_Entries provided_:
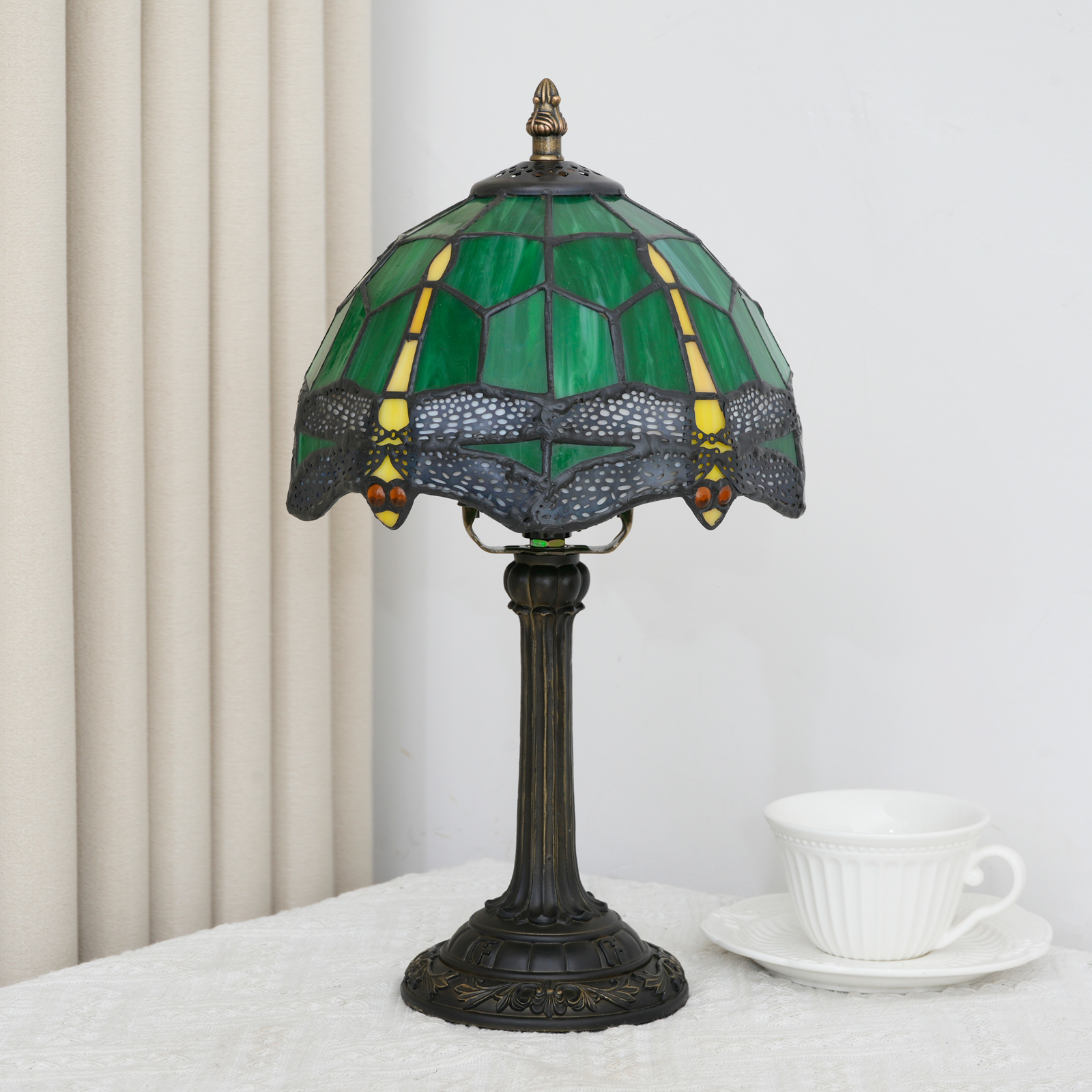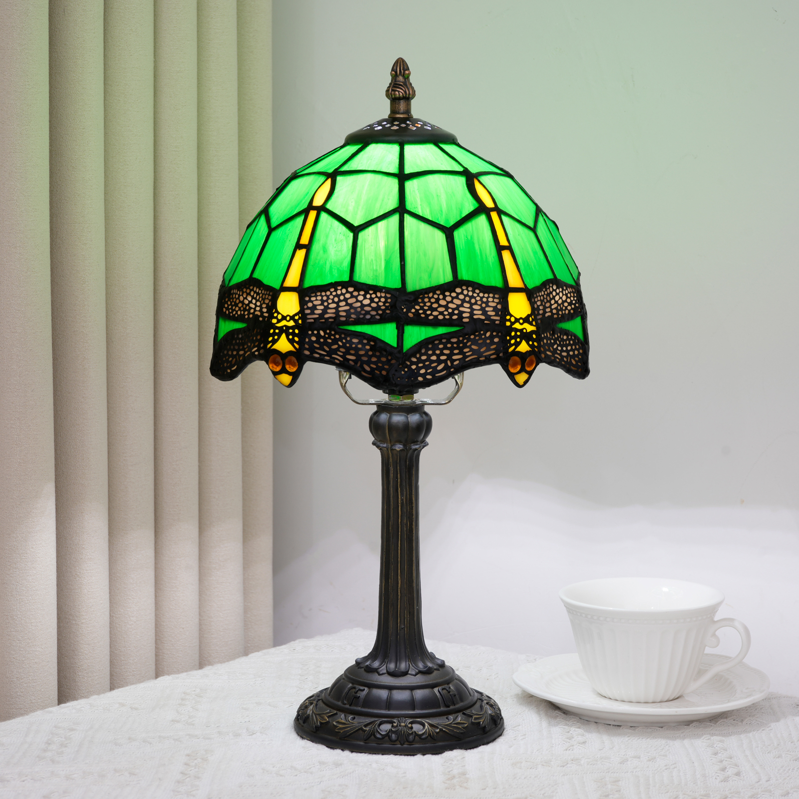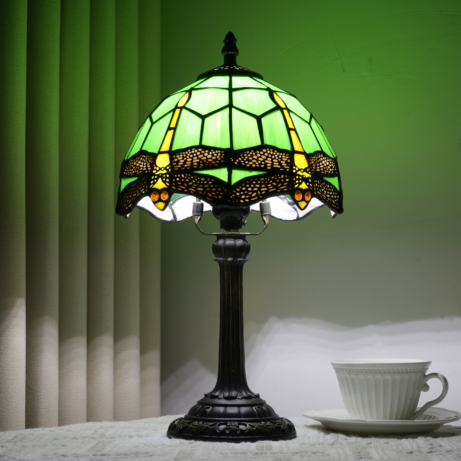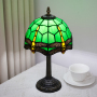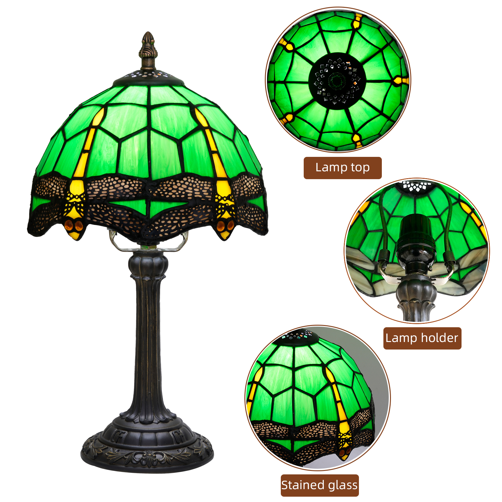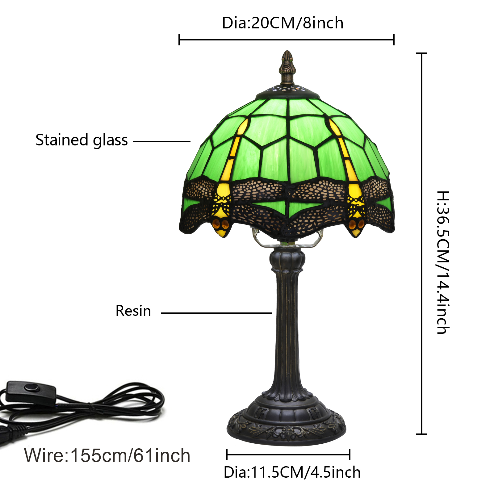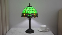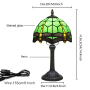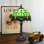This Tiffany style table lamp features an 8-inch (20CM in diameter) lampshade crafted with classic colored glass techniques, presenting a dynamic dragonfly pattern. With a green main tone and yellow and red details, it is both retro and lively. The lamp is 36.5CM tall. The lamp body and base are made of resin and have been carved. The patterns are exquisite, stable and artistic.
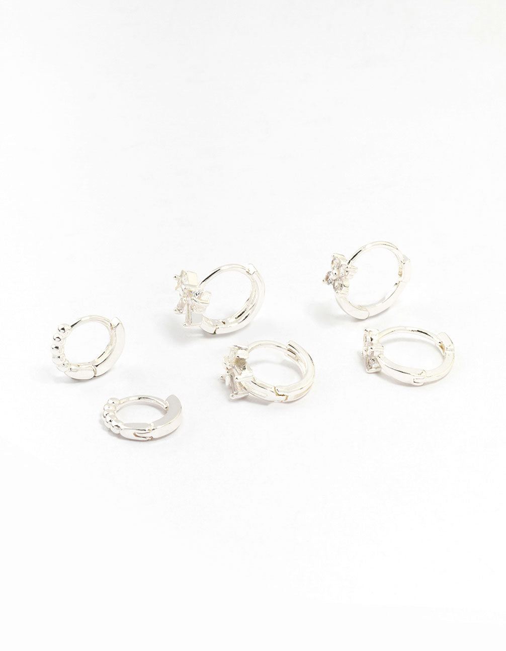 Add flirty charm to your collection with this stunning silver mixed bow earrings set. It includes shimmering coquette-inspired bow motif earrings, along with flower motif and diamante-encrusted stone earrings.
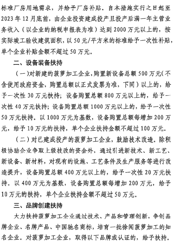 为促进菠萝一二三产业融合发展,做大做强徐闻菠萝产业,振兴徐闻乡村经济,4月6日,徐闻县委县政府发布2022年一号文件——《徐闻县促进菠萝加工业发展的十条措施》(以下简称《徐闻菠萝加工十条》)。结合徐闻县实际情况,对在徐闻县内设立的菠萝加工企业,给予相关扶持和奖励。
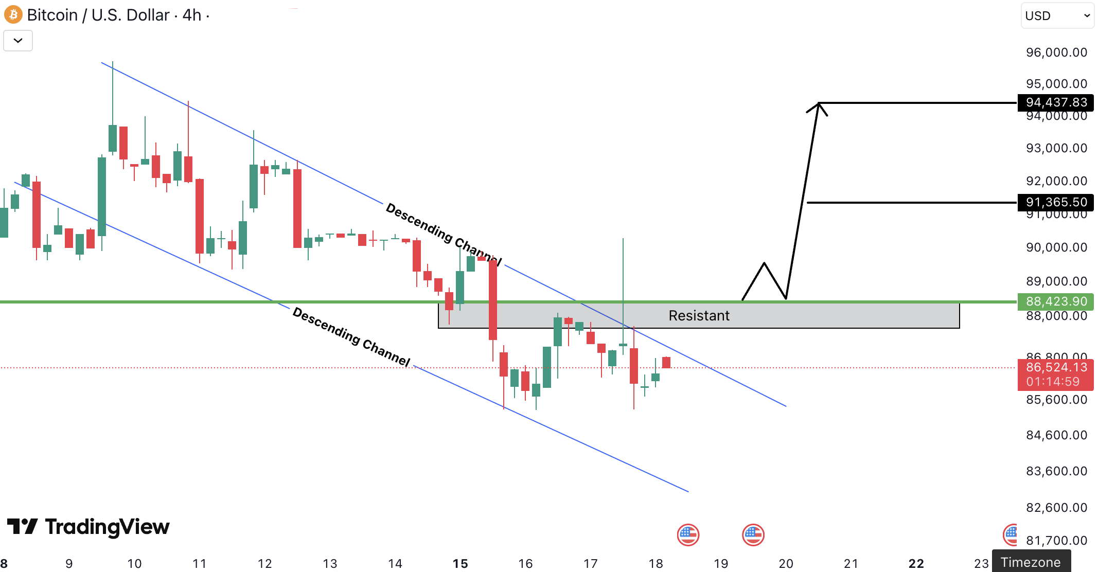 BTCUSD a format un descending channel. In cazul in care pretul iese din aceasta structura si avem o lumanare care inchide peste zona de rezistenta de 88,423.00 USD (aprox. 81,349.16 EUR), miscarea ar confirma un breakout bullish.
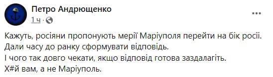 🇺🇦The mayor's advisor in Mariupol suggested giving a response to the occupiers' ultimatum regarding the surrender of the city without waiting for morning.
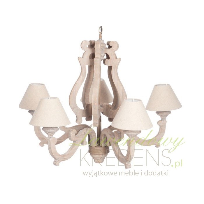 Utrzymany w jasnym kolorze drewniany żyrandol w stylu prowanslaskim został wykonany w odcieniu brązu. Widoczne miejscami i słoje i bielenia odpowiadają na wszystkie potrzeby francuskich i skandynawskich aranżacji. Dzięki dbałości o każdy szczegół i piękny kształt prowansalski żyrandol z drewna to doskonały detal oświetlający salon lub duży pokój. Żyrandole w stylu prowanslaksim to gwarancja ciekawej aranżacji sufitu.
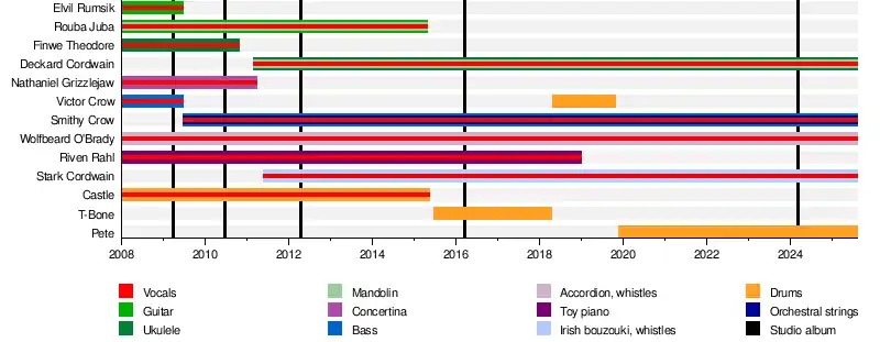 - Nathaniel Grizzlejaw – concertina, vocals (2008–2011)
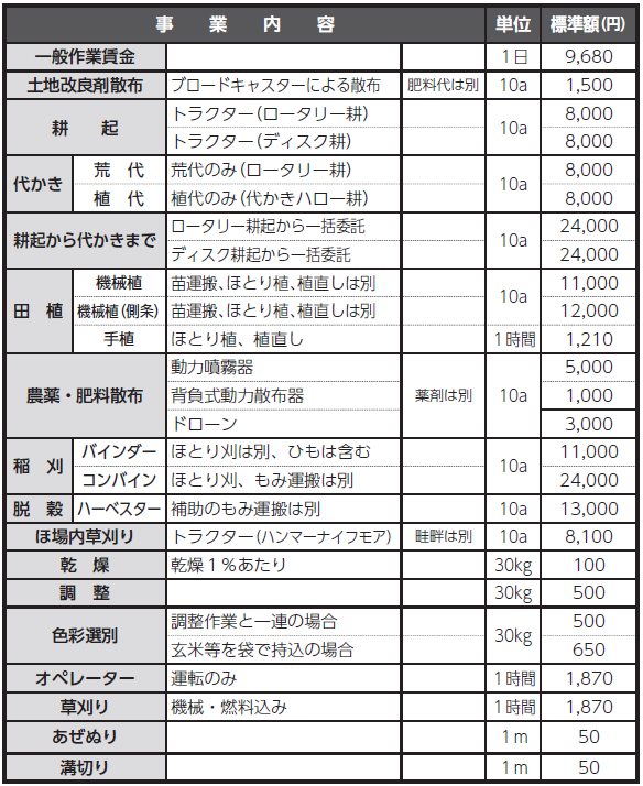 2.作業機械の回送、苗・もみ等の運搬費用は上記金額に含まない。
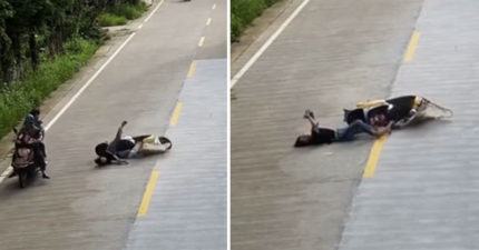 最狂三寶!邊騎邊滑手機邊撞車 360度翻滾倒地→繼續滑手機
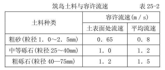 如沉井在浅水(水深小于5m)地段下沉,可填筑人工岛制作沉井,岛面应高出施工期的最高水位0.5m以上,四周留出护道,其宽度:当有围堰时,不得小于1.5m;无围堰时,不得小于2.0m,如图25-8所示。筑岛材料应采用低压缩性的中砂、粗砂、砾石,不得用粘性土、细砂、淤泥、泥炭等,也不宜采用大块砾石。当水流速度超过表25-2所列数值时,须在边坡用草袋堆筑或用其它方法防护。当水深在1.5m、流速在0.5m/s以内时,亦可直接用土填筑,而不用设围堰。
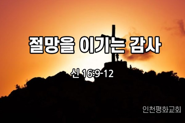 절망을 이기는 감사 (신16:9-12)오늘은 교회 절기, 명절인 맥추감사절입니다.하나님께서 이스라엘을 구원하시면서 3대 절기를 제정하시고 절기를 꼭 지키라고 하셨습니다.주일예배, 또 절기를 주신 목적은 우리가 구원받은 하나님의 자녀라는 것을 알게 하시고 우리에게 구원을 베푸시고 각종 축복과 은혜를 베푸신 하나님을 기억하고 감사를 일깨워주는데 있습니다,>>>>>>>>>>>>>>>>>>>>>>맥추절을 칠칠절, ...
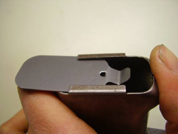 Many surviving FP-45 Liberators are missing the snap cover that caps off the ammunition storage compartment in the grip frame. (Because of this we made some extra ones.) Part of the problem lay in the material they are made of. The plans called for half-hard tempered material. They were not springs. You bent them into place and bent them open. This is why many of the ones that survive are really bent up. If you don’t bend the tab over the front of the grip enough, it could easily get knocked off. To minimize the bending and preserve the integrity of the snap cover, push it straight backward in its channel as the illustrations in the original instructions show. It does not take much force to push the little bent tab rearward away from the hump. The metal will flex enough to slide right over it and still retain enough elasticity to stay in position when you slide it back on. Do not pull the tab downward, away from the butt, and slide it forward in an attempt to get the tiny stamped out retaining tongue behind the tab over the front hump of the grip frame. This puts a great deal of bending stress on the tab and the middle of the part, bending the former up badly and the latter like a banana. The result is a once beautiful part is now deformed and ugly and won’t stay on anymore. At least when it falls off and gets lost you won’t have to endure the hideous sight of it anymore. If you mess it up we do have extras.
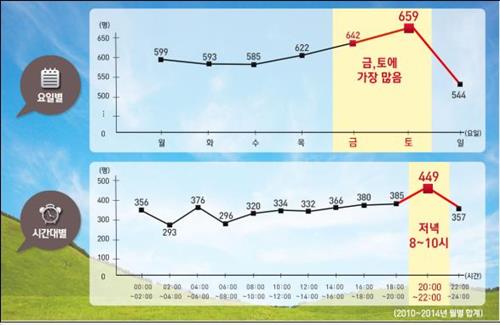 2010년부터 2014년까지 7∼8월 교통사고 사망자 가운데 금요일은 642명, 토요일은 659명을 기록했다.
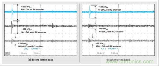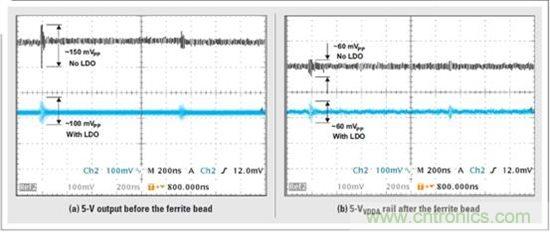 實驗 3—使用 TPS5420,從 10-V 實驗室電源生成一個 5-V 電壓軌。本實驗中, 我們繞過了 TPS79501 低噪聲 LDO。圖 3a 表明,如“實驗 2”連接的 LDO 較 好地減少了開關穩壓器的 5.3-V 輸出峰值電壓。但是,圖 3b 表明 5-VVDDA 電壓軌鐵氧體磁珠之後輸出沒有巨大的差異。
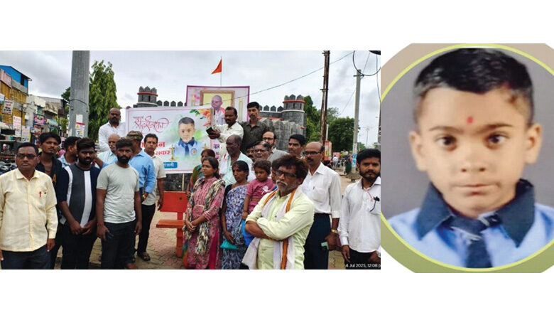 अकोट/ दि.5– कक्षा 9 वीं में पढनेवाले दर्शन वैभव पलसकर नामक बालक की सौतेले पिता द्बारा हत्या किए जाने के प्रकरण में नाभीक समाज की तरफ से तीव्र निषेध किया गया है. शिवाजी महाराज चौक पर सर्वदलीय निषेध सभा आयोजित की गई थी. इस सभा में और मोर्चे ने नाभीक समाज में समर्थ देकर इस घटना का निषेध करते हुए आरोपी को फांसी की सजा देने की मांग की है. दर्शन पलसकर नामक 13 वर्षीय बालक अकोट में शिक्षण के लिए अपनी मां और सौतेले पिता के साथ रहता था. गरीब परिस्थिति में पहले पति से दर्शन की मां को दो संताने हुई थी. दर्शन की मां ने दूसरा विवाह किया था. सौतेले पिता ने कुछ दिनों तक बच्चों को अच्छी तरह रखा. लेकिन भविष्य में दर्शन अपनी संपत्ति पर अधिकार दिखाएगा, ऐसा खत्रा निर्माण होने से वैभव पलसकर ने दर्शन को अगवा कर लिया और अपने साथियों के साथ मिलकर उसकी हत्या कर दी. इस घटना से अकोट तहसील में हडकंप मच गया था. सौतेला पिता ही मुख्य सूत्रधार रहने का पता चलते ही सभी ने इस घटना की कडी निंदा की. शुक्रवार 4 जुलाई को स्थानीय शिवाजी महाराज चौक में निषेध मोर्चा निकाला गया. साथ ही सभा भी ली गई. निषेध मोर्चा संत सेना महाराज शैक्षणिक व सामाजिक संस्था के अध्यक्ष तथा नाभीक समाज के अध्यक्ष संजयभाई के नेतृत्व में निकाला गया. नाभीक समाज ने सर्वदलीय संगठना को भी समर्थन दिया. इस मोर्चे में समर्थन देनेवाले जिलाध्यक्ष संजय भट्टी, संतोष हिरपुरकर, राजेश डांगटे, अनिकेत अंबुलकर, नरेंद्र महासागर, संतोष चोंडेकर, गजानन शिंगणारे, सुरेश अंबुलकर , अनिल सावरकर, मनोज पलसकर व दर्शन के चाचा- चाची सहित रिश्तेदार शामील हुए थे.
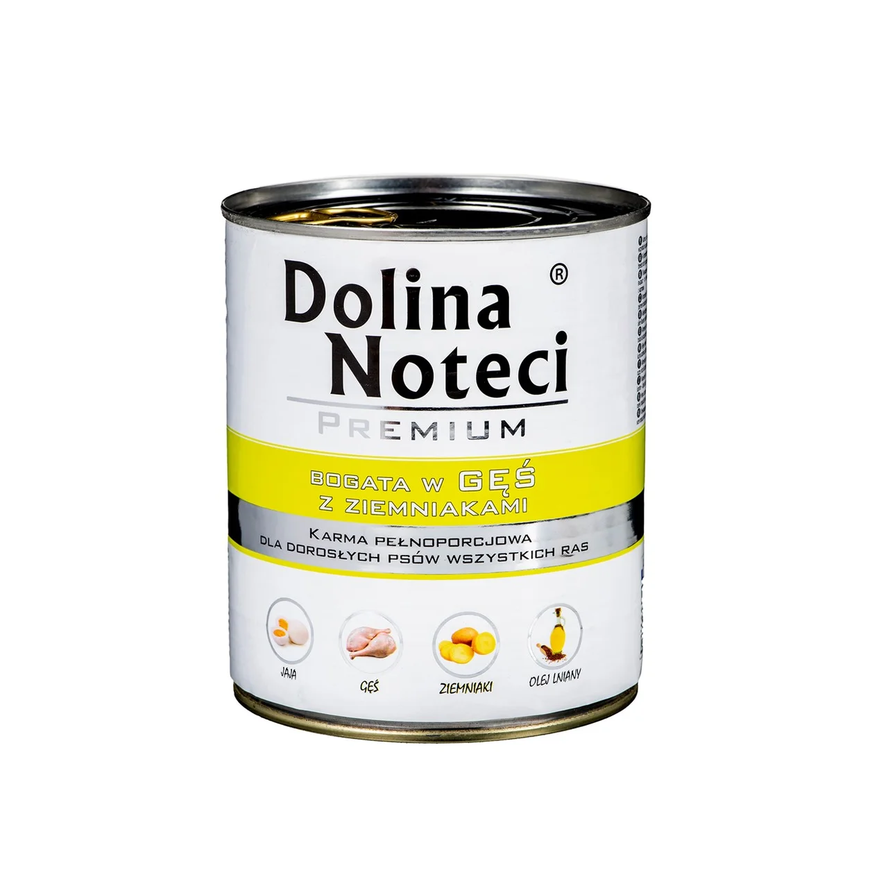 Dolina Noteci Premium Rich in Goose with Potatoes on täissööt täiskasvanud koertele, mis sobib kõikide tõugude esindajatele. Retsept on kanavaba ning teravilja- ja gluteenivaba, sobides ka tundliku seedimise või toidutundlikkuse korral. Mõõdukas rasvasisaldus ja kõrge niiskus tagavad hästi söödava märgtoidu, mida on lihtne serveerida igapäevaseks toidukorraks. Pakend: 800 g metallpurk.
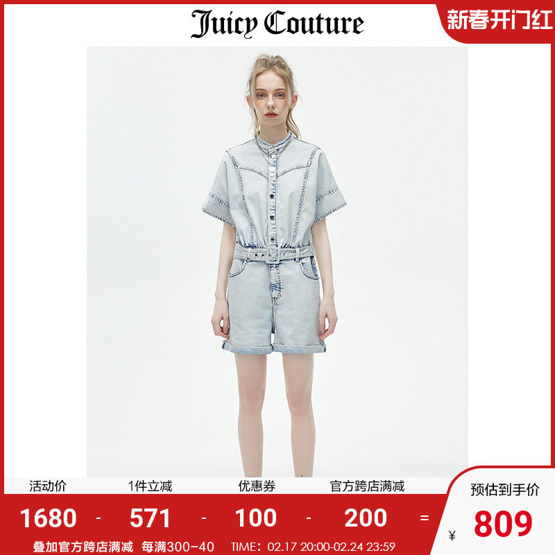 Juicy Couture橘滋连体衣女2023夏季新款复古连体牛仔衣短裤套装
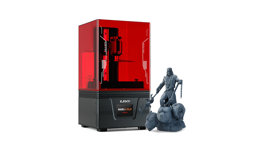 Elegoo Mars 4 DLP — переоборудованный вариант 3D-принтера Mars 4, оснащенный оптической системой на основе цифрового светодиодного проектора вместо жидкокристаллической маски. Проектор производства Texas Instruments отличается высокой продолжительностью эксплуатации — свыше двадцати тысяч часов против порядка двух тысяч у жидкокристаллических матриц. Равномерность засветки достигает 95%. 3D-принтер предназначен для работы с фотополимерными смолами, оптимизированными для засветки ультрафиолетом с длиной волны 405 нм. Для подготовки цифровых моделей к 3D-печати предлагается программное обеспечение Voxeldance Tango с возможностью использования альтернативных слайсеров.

_What is needed_: Above are some entries; copy exactly the lines from the line with "waiting for morning." through the line with "절망을 이기는 감사 (신16:9-12)오늘은", both included, but none of the pictures.

_Finished exercise_:
 🇺🇦The mayor's advisor in Mariupol suggested giving a response to the occupiers' ultimatum regarding the surrender of the city without waiting for morning.
 Utrzymany w jasnym kolorze drewniany żyrandol w stylu prowanslaskim został wykonany w odcieniu brązu. Widoczne miejscami i słoje i bielenia odpowiadają na wszystkie potrzeby francuskich i skandynawskich aranżacji. Dzięki dbałości o każdy szczegół i piękny kształt prowansalski żyrandol z drewna to doskonały detal oświetlający salon lub duży pokój. Żyrandole w stylu prowanslaksim to gwarancja ciekawej aranżacji sufitu.
 - Nathaniel Grizzlejaw – concertina, vocals (2008–2011)
 2.作業機械の回送、苗・もみ等の運搬費用は上記金額に含まない。
 最狂三寶!邊騎邊滑手機邊撞車 360度翻滾倒地→繼續滑手機
 如沉井在浅水(水深小于5m)地段下沉,可填筑人工岛制作沉井,岛面应高出施工期的最高水位0.5m以上,四周留出护道,其宽度:当有围堰时,不得小于1.5m;无围堰时,不得小于2.0m,如图25-8所示。筑岛材料应采用低压缩性的中砂、粗砂、砾石,不得用粘性土、细砂、淤泥、泥炭等,也不宜采用大块砾石。当水流速度超过表25-2所列数值时,须在边坡用草袋堆筑或用其它方法防护。当水深在1.5m、流速在0.5m/s以内时,亦可直接用土填筑,而不用设围堰。
 절망을 이기는 감사 (신16:9-12)오늘은 교회 절기, 명절인 맥추감사절입니다.하나님께서 이스라엘을 구원하시면서 3대 절기를 제정하시고 절기를 꼭 지키라고 하셨습니다.주일예배, 또 절기를 주신 목적은 우리가 구원받은 하나님의 자녀라는 것을 알게 하시고 우리에게 구원을 베푸시고 각종 축복과 은혜를 베푸신 하나님을 기억하고 감사를 일깨워주는데 있습니다,>>>>>>>>>>>>>>>>>>>>>>맥추절을 칠칠절, ...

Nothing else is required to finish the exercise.